REQUIRED WORK:
The reader should set down exactly the lines from the one containing "Apartamentul se afla" through the last line of the material, omitting every picture.

-------- DATA RECORDS --------

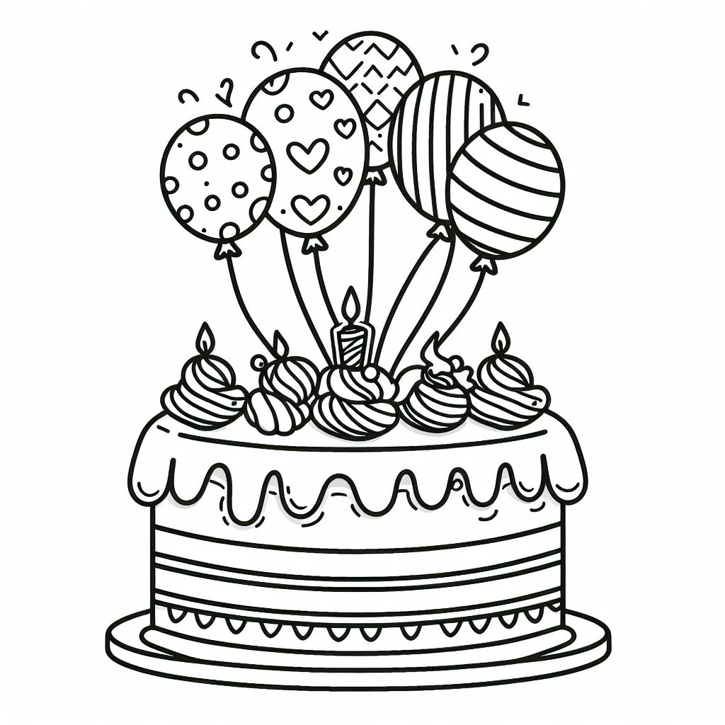ציור של עוגה עם בלונים לצביעה, איור של עוגה עם בלונים להדפסה לצביעה לילדים
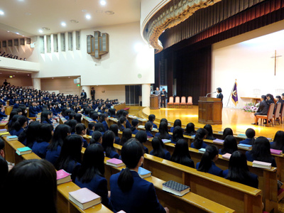 またこの日は例年、新しい年度の毎朝の全校礼拝の座席の確認があります。今年も一つ学年が上がった生徒たちが、昨年度一つ上の上級生が座っていた席に移り、新鮮なしかし心引き締まる思いをしていました。
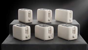 图片风格为「人像摄影」,场景是美式的开放式厨房,面包机在右侧前面、突出面包机,面包机放在桌子上,桌面采用白色大理石的桌面,左侧后面是米白沙发和白人女模特在看书的场景,右侧是厨房色的沙发,背景虚化模糊的效果。
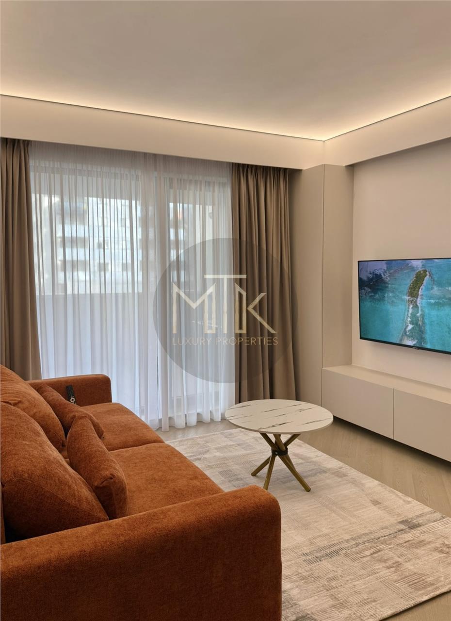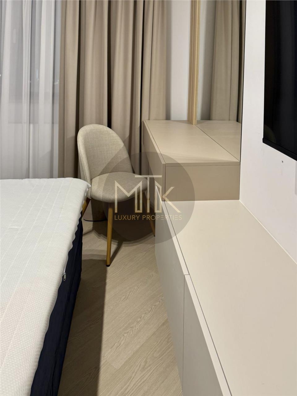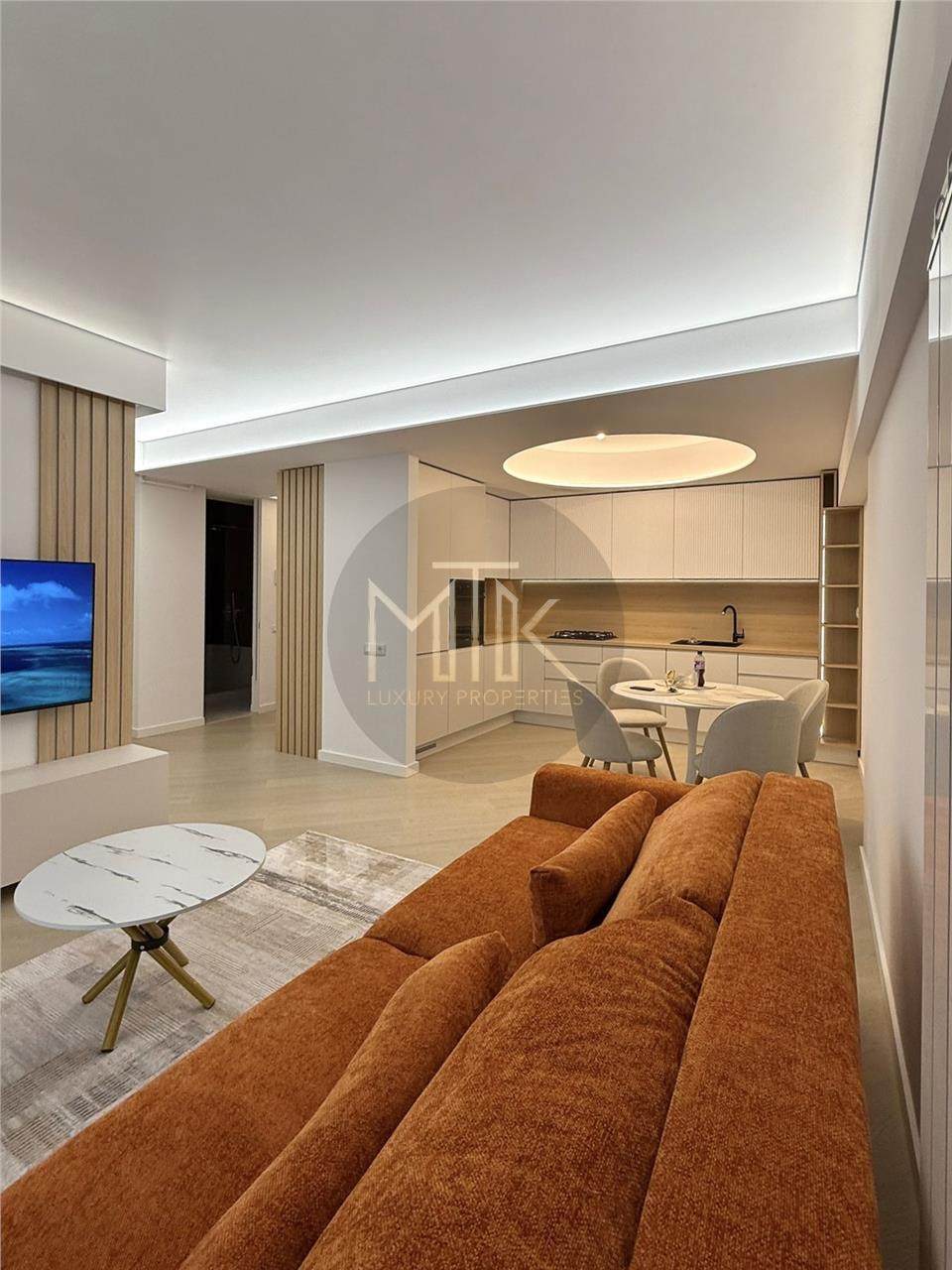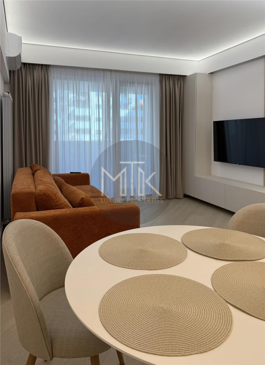 Apartamentul se afla la etajul 1 intr-un bloc cu regim de inaltime S+P+10 si este format dintr-un living luminos open-space cu zona de dining, cu iesire pe terasa de 8 mp, are o canapea generoasa, smart tv, bucatarie deschisa echipata complet, 1 dormitor generos cu pat king-size si dressing, al 2-lea dormitor dotat cu dressing si canapea si 2 bai: una cu cada (prezenta in dormitorul matrimonial), iar cealalta cu cabina de dus de tip walk-in si un hol eficient ce delimiteaza zona de zi cu cea de noapte, unde se regasesc multiple spatii de depozitare.
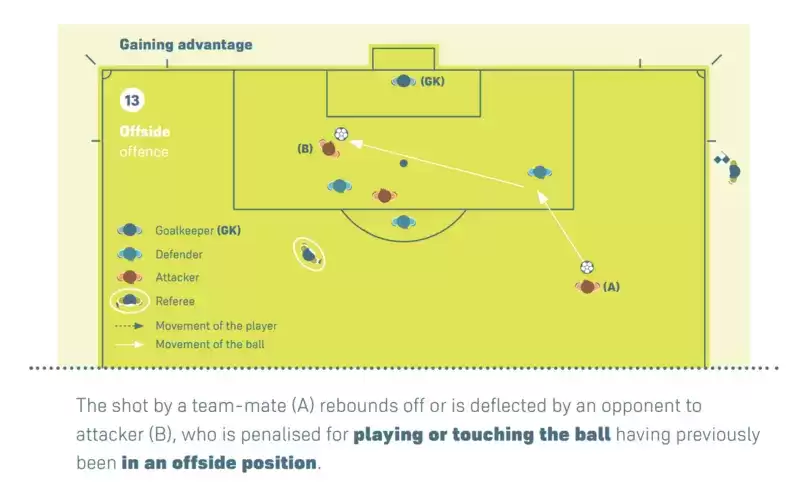 A的射门在防守方队员身上折射了一下掉到了越位位置队员B脚下,越位。
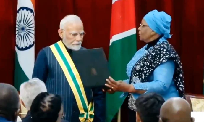 PM Modi Namibia Visit: प्रधानमंत्री नरेंद्र मोदी को 9 जुलाई 2025 को नामीबिया के सर्वोच्च नागरिक सम्मान ‘ऑर्डर ऑफ द मोस्ट एंशिएंट वेल्वित्चिया मिराबिलिस’ से सम्मानित किया गया। यह सम्मान उन्हें नामीबिया की राजधानी विंडहोक में राष्ट्रपति डॉ. नेटुम्बो नंदी-नदैतवाह ने एक औपचारिक समारोह में प्रदान किया। यह पुरस्कार 1995 में स्थापित किया गया था और यह नामीबिया के प्रतीकात्मक रेगिस्तानी पौधे वेल्वित्चिया मिराबिलिस के नाम पर है, जो देश के लोगों की सहनशक्ति, दीर्घायु और दृढ़ता का प्रतीक है।

--------

RESPONSE:
 Apartamentul se afla la etajul 1 intr-un bloc cu regim de inaltime S+P+10 si este format dintr-un living luminos open-space cu zona de dining, cu iesire pe terasa de 8 mp, are o canapea generoasa, smart tv, bucatarie deschisa echipata complet, 1 dormitor generos cu pat king-size si dressing, al 2-lea dormitor dotat cu dressing si canapea si 2 bai: una cu cada (prezenta in dormitorul matrimonial), iar cealalta cu cabina de dus de tip walk-in si un hol eficient ce delimiteaza zona de zi cu cea de noapte, unde se regasesc multiple spatii de depozitare.
 A的射门在防守方队员身上折射了一下掉到了越位位置队员B脚下,越位。
 PM Modi Namibia Visit: प्रधानमंत्री नरेंद्र मोदी को 9 जुलाई 2025 को नामीबिया के सर्वोच्च नागरिक सम्मान ‘ऑर्डर ऑफ द मोस्ट एंशिएंट वेल्वित्चिया मिराबिलिस’ से सम्मानित किया गया। यह सम्मान उन्हें नामीबिया की राजधानी विंडहोक में राष्ट्रपति डॉ. नेटुम्बो नंदी-नदैतवाह ने एक औपचारिक समारोह में प्रदान किया। यह पुरस्कार 1995 में स्थापित किया गया था और यह नामीबिया के प्रतीकात्मक रेगिस्तानी पौधे वेल्वित्चिया मिराबिलिस के नाम पर है, जो देश के लोगों की सहनशक्ति, दीर्घायु और दृढ़ता का प्रतीक है।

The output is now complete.